Did Libya Show the Need for Light Attack Planes?


This is interesting, the high-cost of using some of the world's most advanced fighter jets in Libya against Gadhafi's joke of a military has led some NATO allies to consider buying cheap light attack planes similar to the ones the United States wanted to buy to fight insurgencies.

NATO's chief targeteer for the Libyan campaign recently said that it simply cost too much money to deploy cutting edge jets like the Eurofighter Typhoon and France's Rafale for long periods of time against an enemy that had almost no hope shooting them down.  In other words, the fancy jets can be overkill, even in campaigns against other nations.

Per Aviation Week:

“We need to think about the need for the future for a low-cost platform to be able to do our job, if required, in a permissive environment,” argues Brig. Gen. Silvano Frigerio, deputy chief of air and space plans in the Italian air force and chief of the targeting directorate for NATO’s Libya operations.

“If we don’t have a composite fleet with very high technology and maybe lesser technology aircraft, how can we manage to fly thousands and thousands of flying hours on a joint operation area looking for one armored vehicle with the sophisticated aircraft we will have in the future? Maybe we can’t afford to stay there for such a long time,” he says. During the Libya operations, allies were worried about the cost of the duration of the conflict, he tells the International Quality and Productivity Center’s annual International Fighter Conference here.
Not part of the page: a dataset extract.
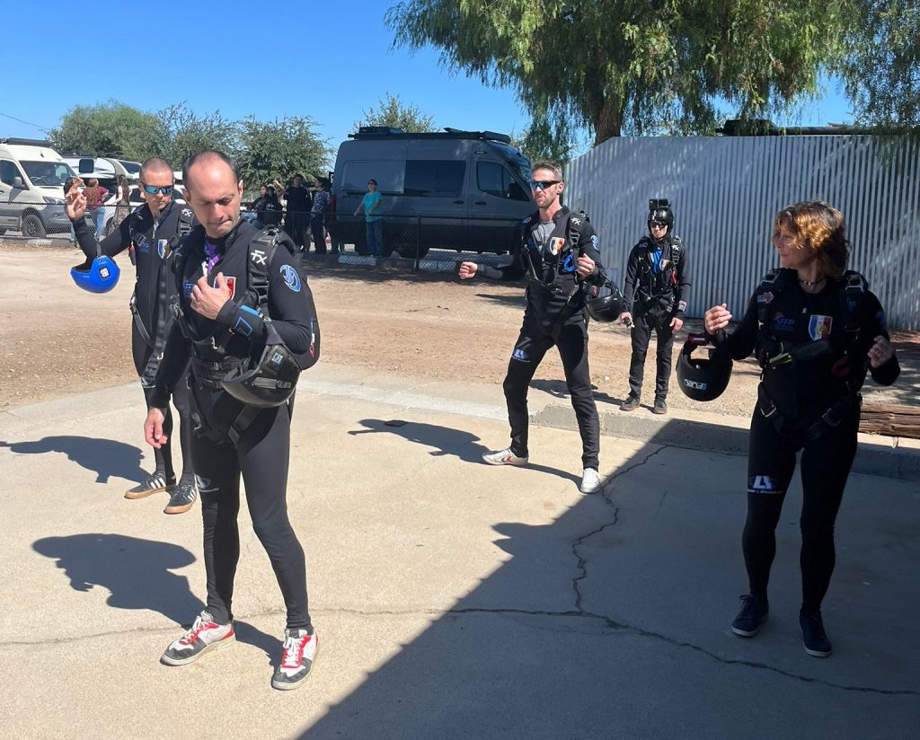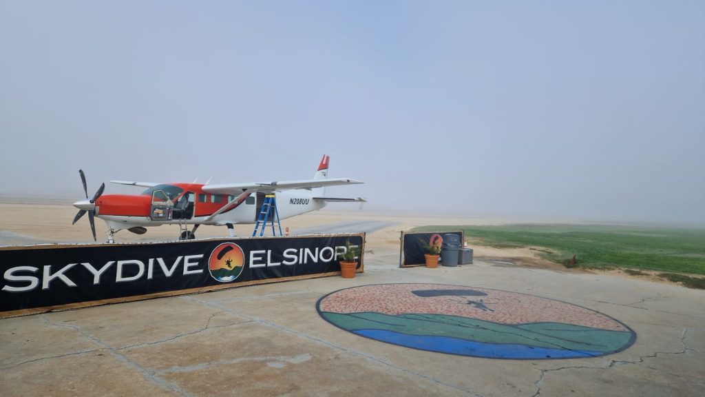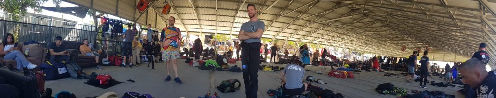 Le 5 octobre, tout le monde était levé aux aurores / aux horaires françaises (nous sommes à 9h de moins que la France), avec comme programme de la journée un programme type : petit dej, découverte de la DZ, paperasse administrative, check matos et autres signatures de waiver et de décharges typiques des dropzones US (avec en supplément une « déclaration » et signature filmée pour qu’ils soient certains que c’est bien nous qui signons et pas quelqu’un d’autre), puis 1 saut de mise en jambe pour chaque équipe.

This is pretty much the same argument the U.S. Air Force, Navy and Special Operations Command have all made when asking Congress for cash to buy light turboprop attack and ISR planes that can be used to provide air support to ground troops fighting insurgents in places were the U.S. owns the skies.
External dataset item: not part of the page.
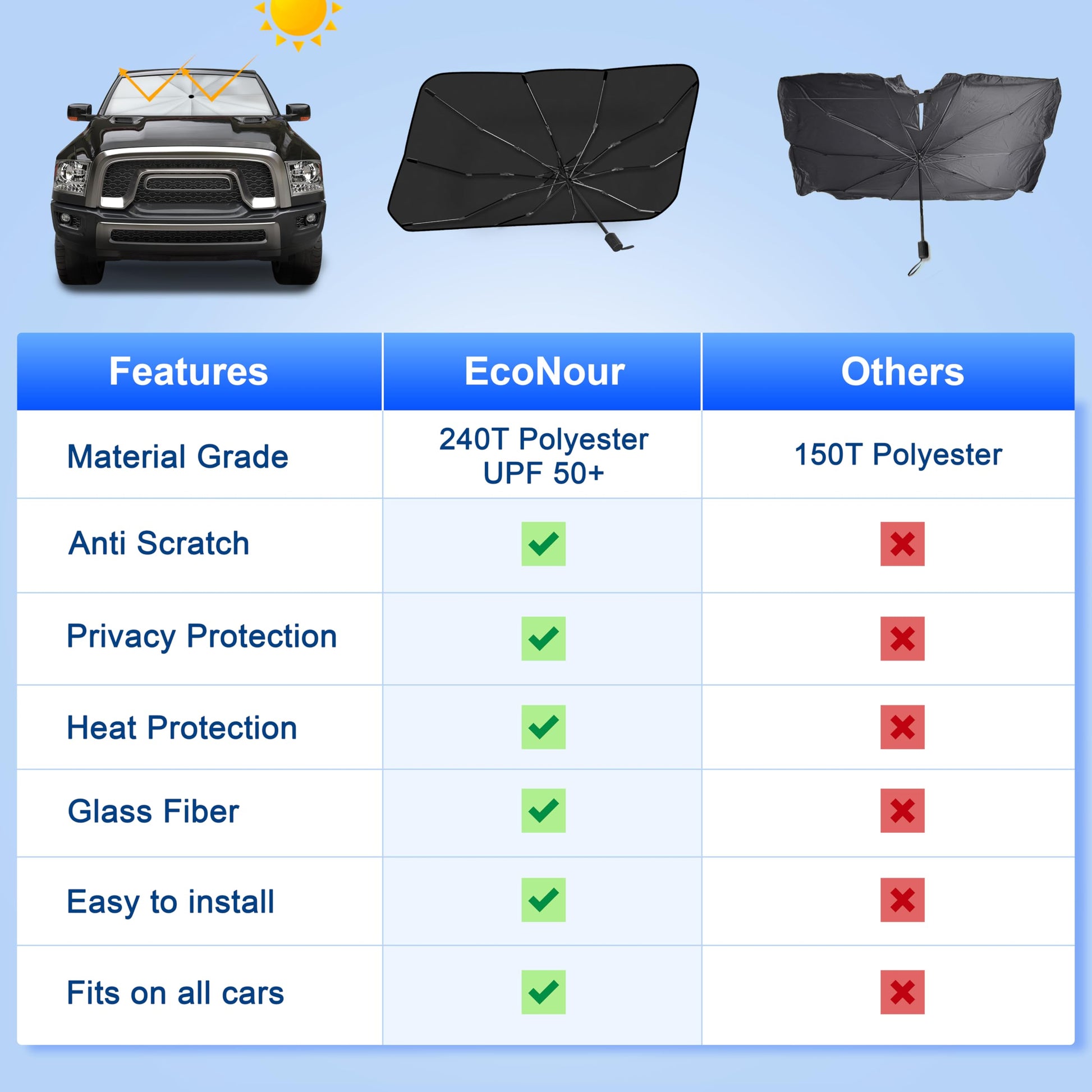 • Universal Fit for Most Vehicles: EcoNour umbrella car shade offers a universal fit 57' x 30', making it compatible with most cars, SUVs, trucks, and even RVs. Whether you drive a sedan, a BMW, a Mercedes Benz, or any other vehicle, this windshield umbrella sun shade will keep your vehicle cool and protected.

However, the Pentagon's quest to field turboprop attack planes seems almost dead. This month, the Air Force was supposed to settle on about 20 light attack planes -- either the Hawker Beechcraft AT-6 (shown above) or Embraer's Super Tucano -- that it could use to help train the Afghan air force, but that effort may well fall victim to the Pentagon's budget cuts.

Could NATO's experience in Libya open the door to a new set of customers for light attack planes -- NATO countries that want to be involved in peacekeeping and stability operations around the world but who can't afford to send their precious few frontline fighters on expensive combat deployments?